EXERCISE REQUIREMENTS: Copy all records exactly; omit pictures.

═════ TASK MATERIAL

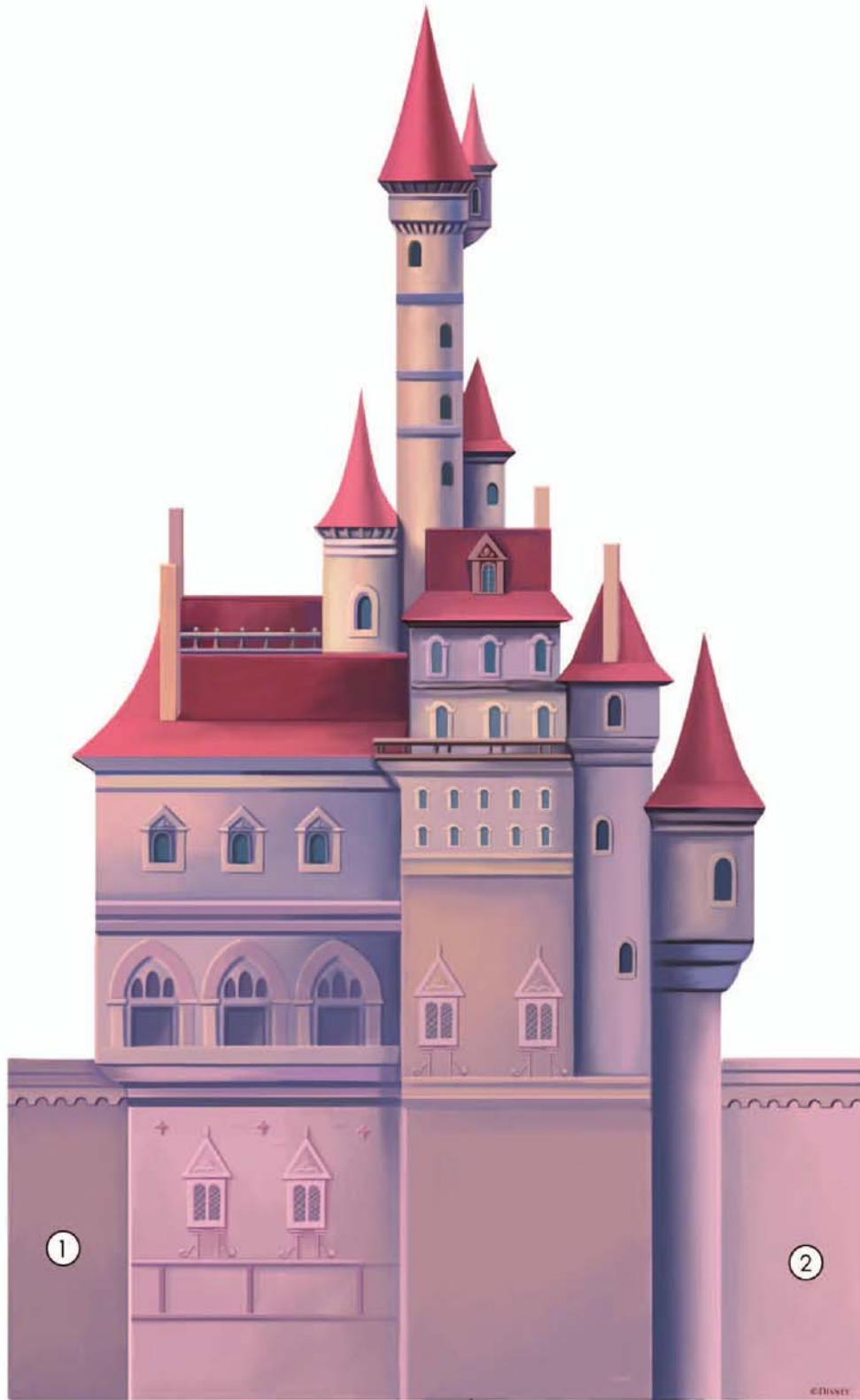
BACK PANEL OF CASTLE
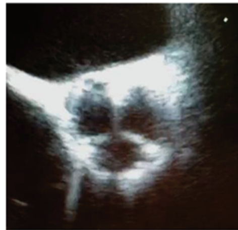
Figure 3: TEE-Mid-esophageal short axis view-A short axis TEE reveals a prosthesis that is very similar to a native valve.
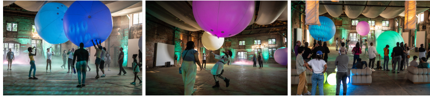
Figure 1: Participants Interacting with Sound Clouds on the Live Exhibition Day
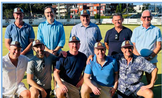
1994 First XI GPS Cricket Premiers 30 Year Reunion
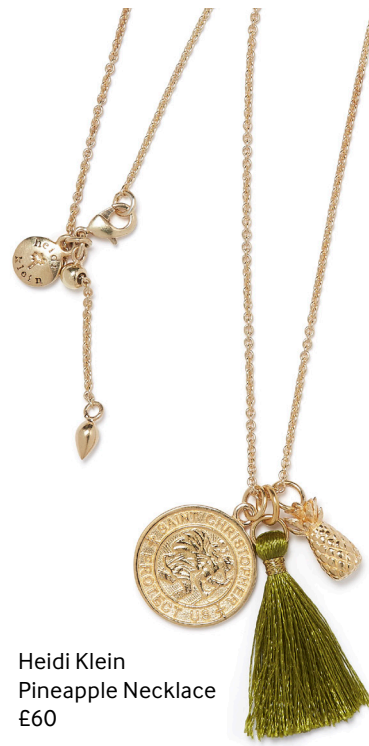
Heidi Klein Pineapple Necklace £60
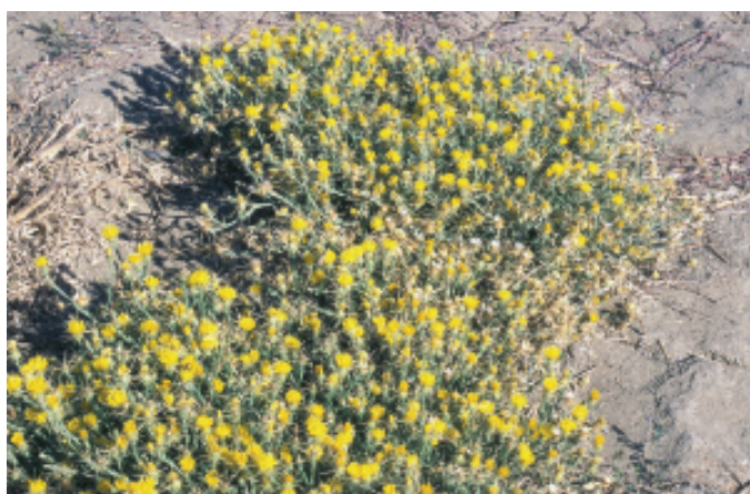
Pincushions. If mowed too early, yellow starthistle may recover and form a “pincushion” of low-growing flowerheads.
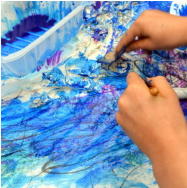
Painting a storm
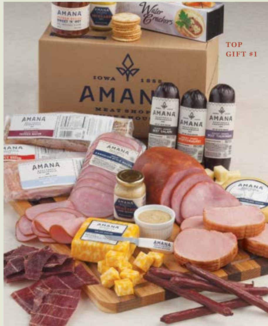
TOP GIFT #1
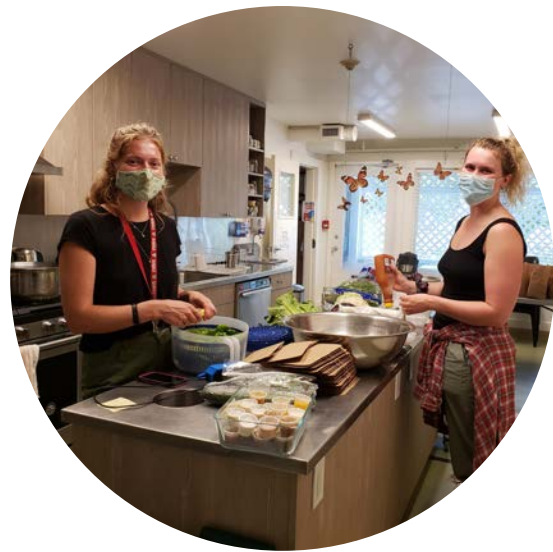
Pictured: Stepping Stone Staff preparing food for the clients.
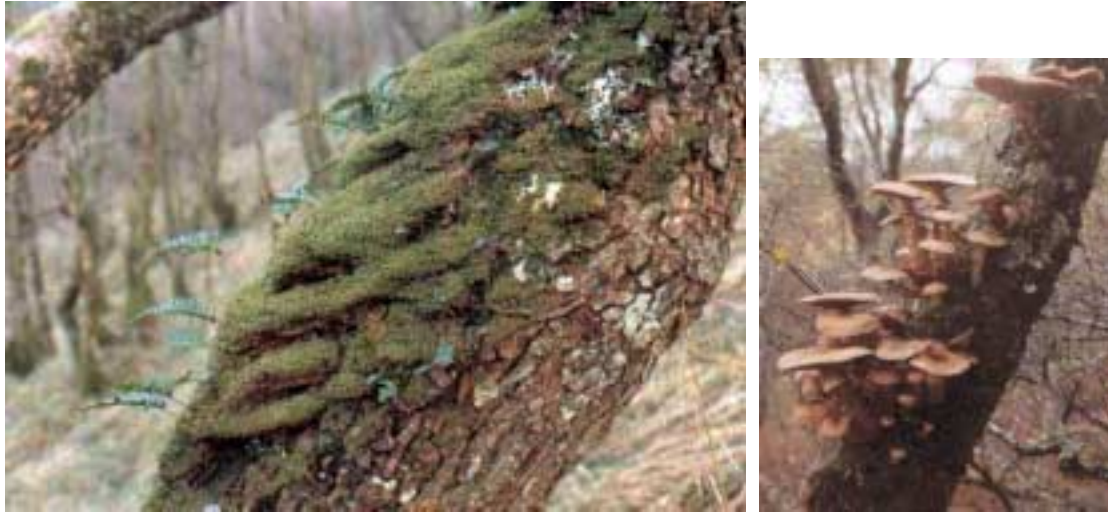
l: layers or 'terraces' of mosses and liverworts are a feature of veteran trees, especially in the western woodlands (also with polypody). r: fungi on old birch

feature of veteran trees – how many photos in this guide have polypody?), and also some flowering plants grow in hollows and niches on the tree.
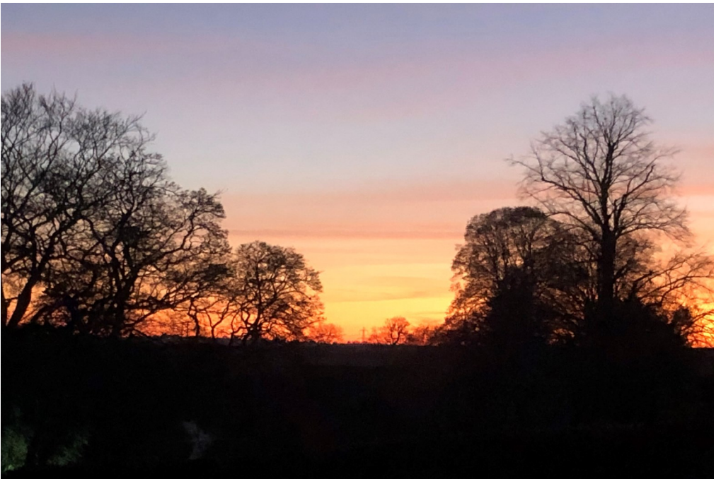
Thanks to Lynda Moore for this lovely sunset shot taken from The Bar, looking west.
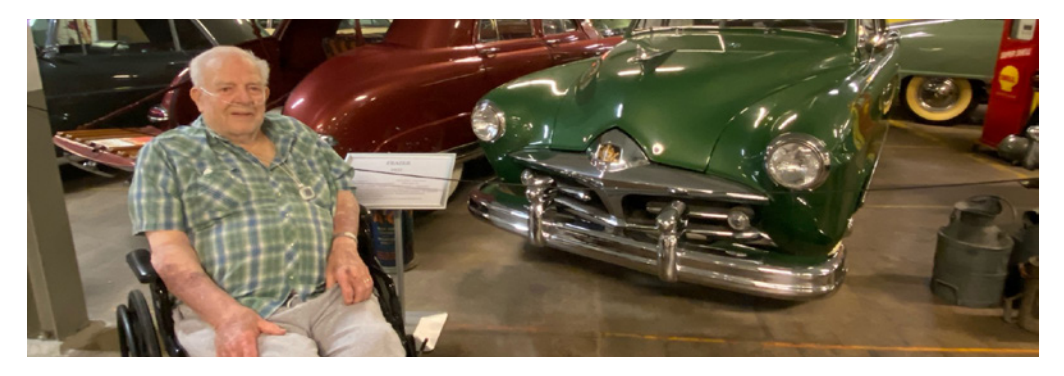
Don car museum
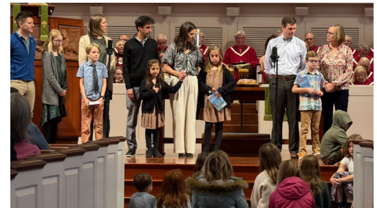
Third graders receive their Bibles
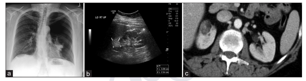
Figure 1: 51 year old female with Birt-Hogg-Dube Syndrome. (a) Chest radiograph demonstrates a large left pneumothorax. (b) Grayscale longitudinal plane image demonstrates a 3.1 × 2.5 cm well circumscribed hyperechoic lesion in the upper pole of the right kidney suggestive of Angiomyolipoma (AML). (c) Axial contrast enhanced image demonstrates corresponding hypoattenuating lesion containing macroscopic fat compatible with AML.

BHD is an autosomal dominant hereditary syndrome that arises due to a mutation in the FLCN tumor suppressor gene.
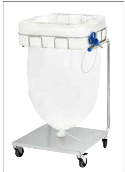
Dynamic Maxi/Maxi Pedal
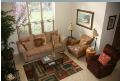
22 Photos Available
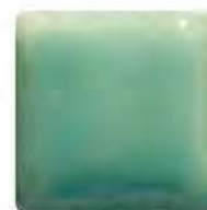
Frog's Pond Green EM-1011 (SO)
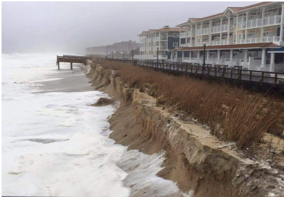
Figure 3: Erosion on Bethany Beach, DE (courtesy of Alex Liggitt, @ABC7Alex).
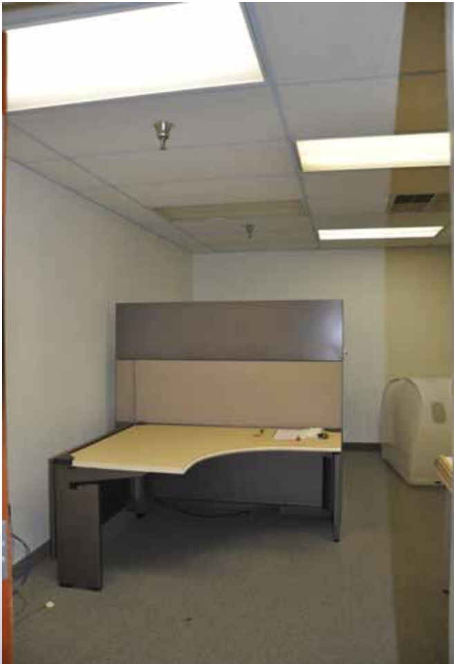
2nd Floor Office Area
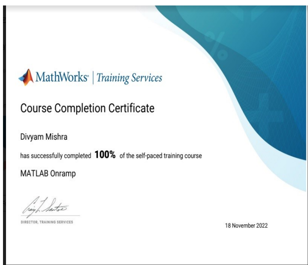
Certificate by Mathworks
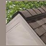
VentSure® Ridge Ventilation
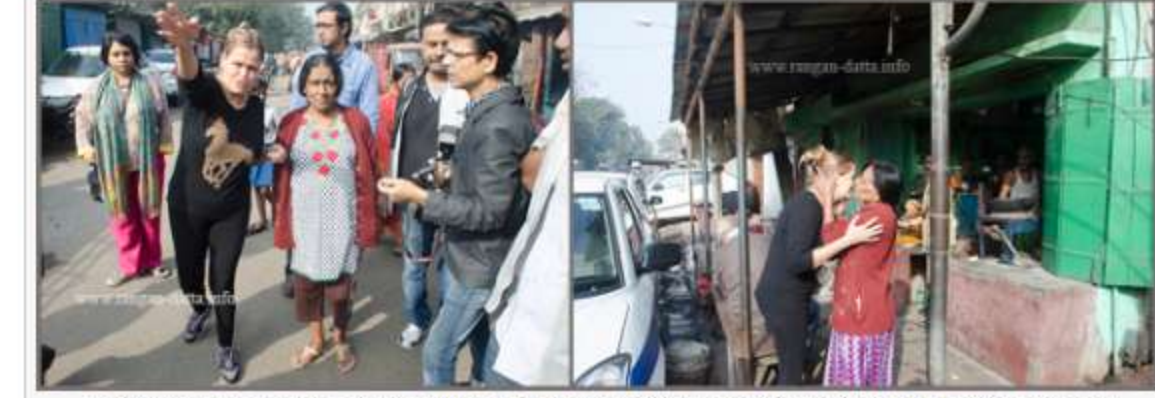
L: Showing her old neighborhood and R: Meeting old friend in Kidderpore, Kolkata
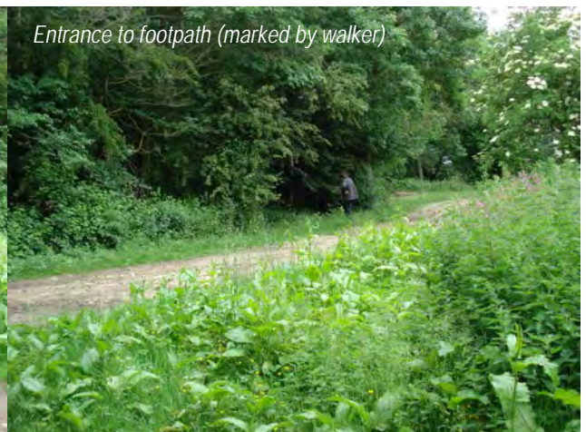
Entrance to footpath (marked by walker)
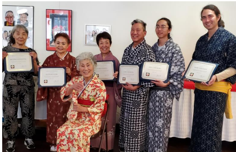
Nerikiri graduate students and sensei
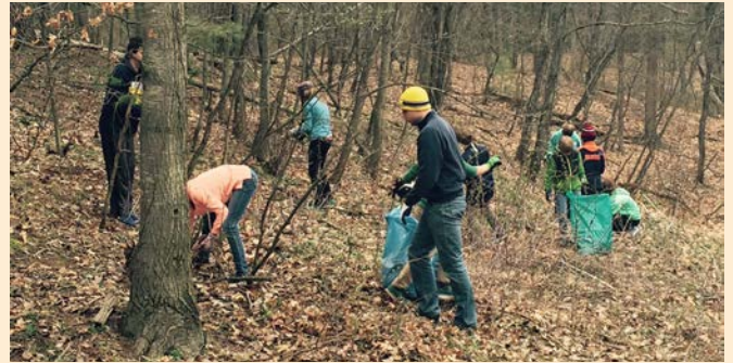
White Pines Middle School students helped remove invasive species and picked up trash at Hemlock Crossings during Junior Day of Caring

From April 18-22, nearly 500 sixth graders from White Pines Middle School volunteered at county parks as part of Greater Ottawa County United Way's fifth annual Junior Days of Caring , the largest volunteer event in Ottawa County.
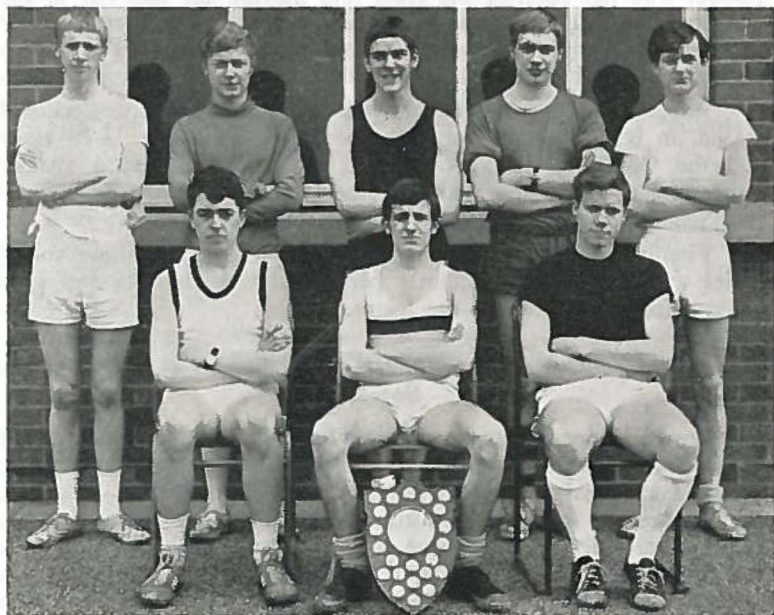
Cross Country Team
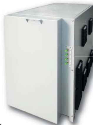
100A Power Booster
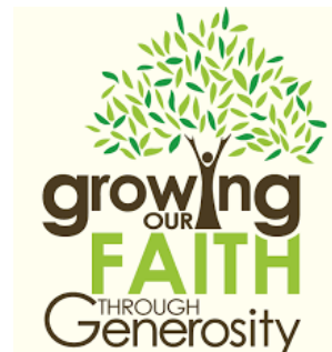
Plate Collection & Christmas Collection information will be posted in next week's bulletin.
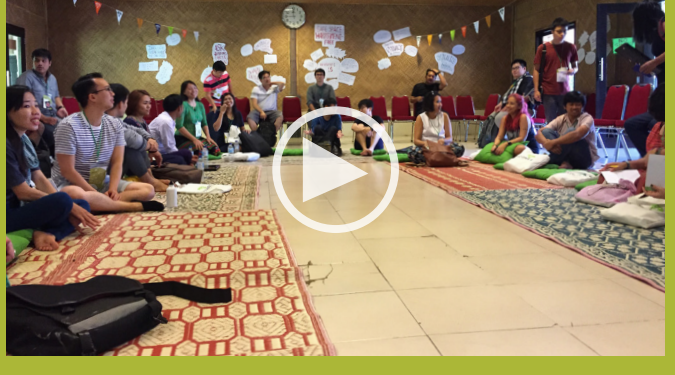
Coconet summary video (long)

══════════

EXERCISE OUTPUT:
BACK PANEL OF CASTLE
Figure 3: TEE-Mid-esophageal short axis view-A short axis TEE reveals a prosthesis that is very similar to a native valve.
Figure 1: Participants Interacting with Sound Clouds on the Live Exhibition Day
1994 First XI GPS Cricket Premiers 30 Year Reunion
Heidi Klein Pineapple Necklace £60
Pincushions. If mowed too early, yellow starthistle may recover and form a “pincushion” of low-growing flowerheads.
Painting a storm
TOP GIFT #1
Pictured: Stepping Stone Staff preparing food for the clients.
l: layers or 'terraces' of mosses and liverworts are a feature of veteran trees, especially in the western woodlands (also with polypody). r: fungi on old birch

feature of veteran trees – how many photos in this guide have polypody?), and also some flowering plants grow in hollows and niches on the tree.
Thanks to Lynda Moore for this lovely sunset shot taken from The Bar, looking west.
Don car museum
Third graders receive their Bibles
Figure 1: 51 year old female with Birt-Hogg-Dube Syndrome. (a) Chest radiograph demonstrates a large left pneumothorax. (b) Grayscale longitudinal plane image demonstrates a 3.1 × 2.5 cm well circumscribed hyperechoic lesion in the upper pole of the right kidney suggestive of Angiomyolipoma (AML). (c) Axial contrast enhanced image demonstrates corresponding hypoattenuating lesion containing macroscopic fat compatible with AML.

BHD is an autosomal dominant hereditary syndrome that arises due to a mutation in the FLCN tumor suppressor gene.
Dynamic Maxi/Maxi Pedal
22 Photos Available
Frog's Pond Green EM-1011 (SO)
Figure 3: Erosion on Bethany Beach, DE (courtesy of Alex Liggitt, @ABC7Alex).
2nd Floor Office Area
Certificate by Mathworks
VentSure® Ridge Ventilation
L: Showing her old neighborhood and R: Meeting old friend in Kidderpore, Kolkata
Entrance to footpath (marked by walker)
Nerikiri graduate students and sensei
White Pines Middle School students helped remove invasive species and picked up trash at Hemlock Crossings during Junior Day of Caring

From April 18-22, nearly 500 sixth graders from White Pines Middle School volunteered at county parks as part of Greater Ottawa County United Way's fifth annual Junior Days of Caring , the largest volunteer event in Ottawa County.
Cross Country Team
100A Power Booster
Plate Collection & Christmas Collection information will be posted in next week's bulletin.
Coconet summary video (long)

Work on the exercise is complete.